Your task = Transcribe each line of the material as it is, and drop any picture.

== Data extract

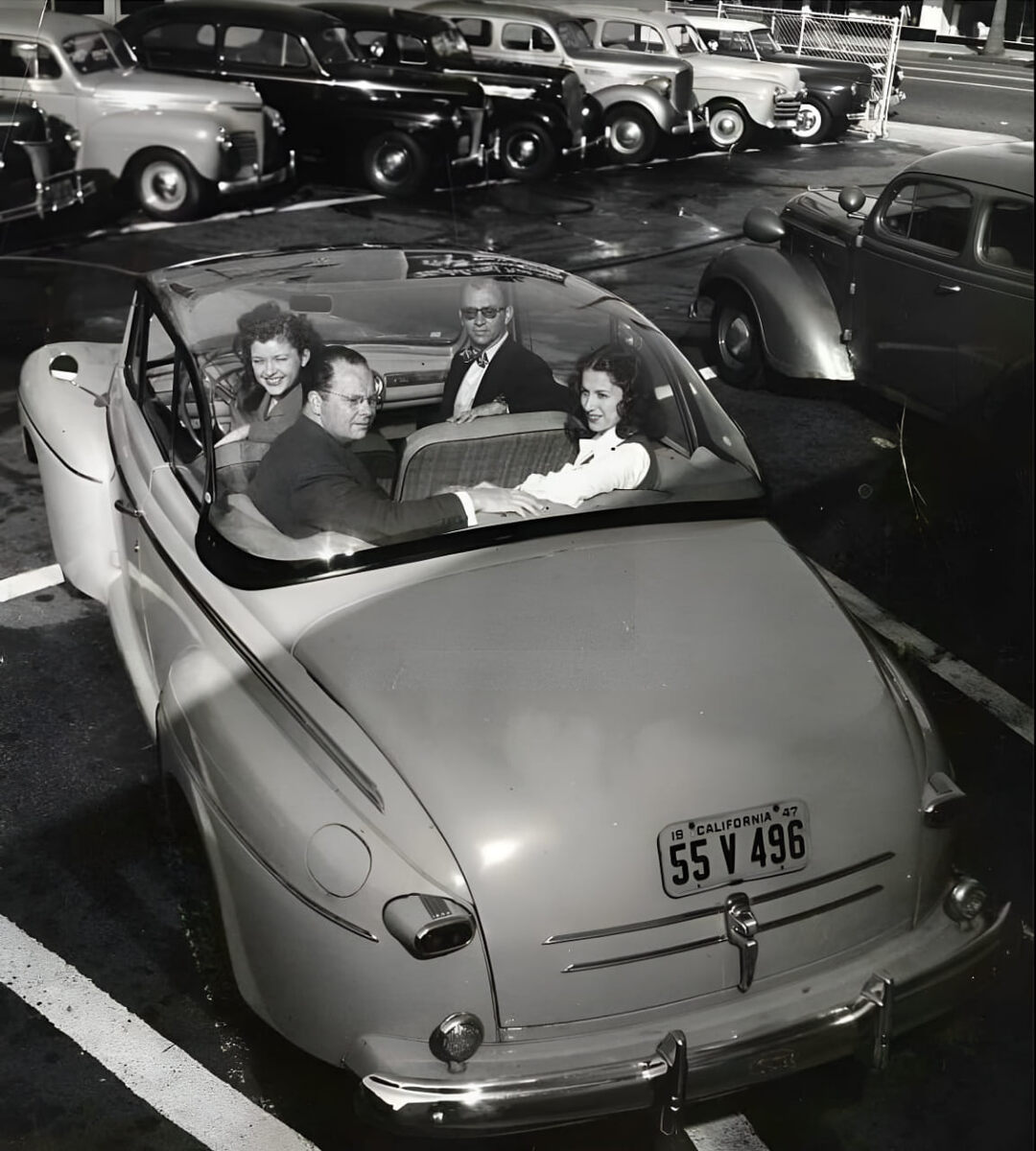 Фотография передаёт дух послевоенной автомобильной моды, когда инженеры и дизайнеры использовали авиационные технологии в гражданских транспортных средствах. Стеклянная крыша стала символом инноваций, роскоши и стремления к необычным решениям, которые делали ретрокары Лос-Анджелеса узнаваемыми и запоминающимися.
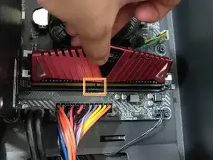 Надавите, чтобы защёлки по бокам зафиксировали модуль памяти.
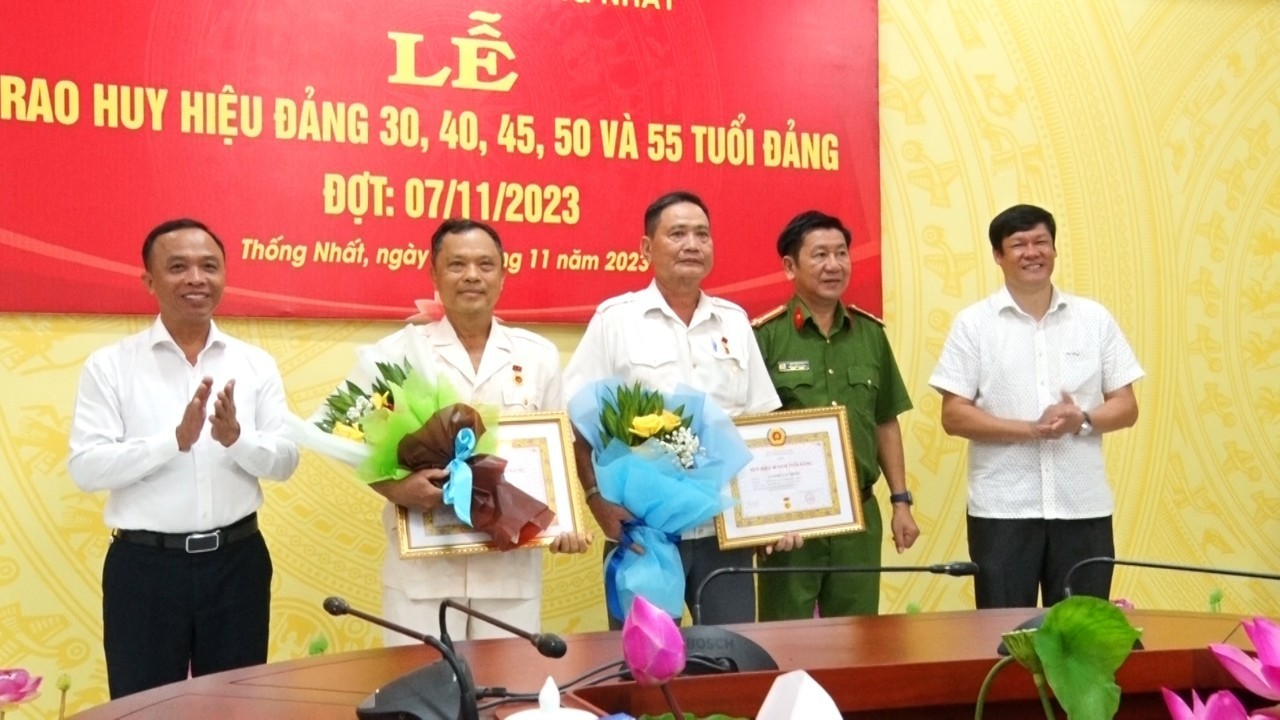 Sáng ngày 14/11, đồng chí Nguyễn Huy Du, Phó Bí thư Thường trực Huyện ủy, Chủ tịch HĐND huyện Thống Nhất chủ trì Lễ trao Huy hiệu 30 năm, 40 năm, 45 năm, 50 năm và 55 năm tuổi Đảng đợt 07/11/2023. Theo đó, trong đợt này Đảng bộ huyện Thống Nhất vinh dự có 10 đảng viên được tặng huy hiệu Đảng, trong đó có 03 đảng viên được tặng huy hiệu 55 tuổi Đảng; 02 đảng viên được tặng huy hiệu 50 năm tuổi Đảng; 01 đảng viên được tặng huy hiệu 45 năm tuổi Đảng; 02 đảng viên được tặng huy hiệu 40 năm tuổi Đảng và 02 đảng viên được tặng huy hiệu 30 năm tuổi Đảng.

====

Result of the exercise =
 Фотография передаёт дух послевоенной автомобильной моды, когда инженеры и дизайнеры использовали авиационные технологии в гражданских транспортных средствах. Стеклянная крыша стала символом инноваций, роскоши и стремления к необычным решениям, которые делали ретрокары Лос-Анджелеса узнаваемыми и запоминающимися.
 Надавите, чтобы защёлки по бокам зафиксировали модуль памяти.
 Sáng ngày 14/11, đồng chí Nguyễn Huy Du, Phó Bí thư Thường trực Huyện ủy, Chủ tịch HĐND huyện Thống Nhất chủ trì Lễ trao Huy hiệu 30 năm, 40 năm, 45 năm, 50 năm và 55 năm tuổi Đảng đợt 07/11/2023. Theo đó, trong đợt này Đảng bộ huyện Thống Nhất vinh dự có 10 đảng viên được tặng huy hiệu Đảng, trong đó có 03 đảng viên được tặng huy hiệu 55 tuổi Đảng; 02 đảng viên được tặng huy hiệu 50 năm tuổi Đảng; 01 đảng viên được tặng huy hiệu 45 năm tuổi Đảng; 02 đảng viên được tặng huy hiệu 40 năm tuổi Đảng và 02 đảng viên được tặng huy hiệu 30 năm tuổi Đảng.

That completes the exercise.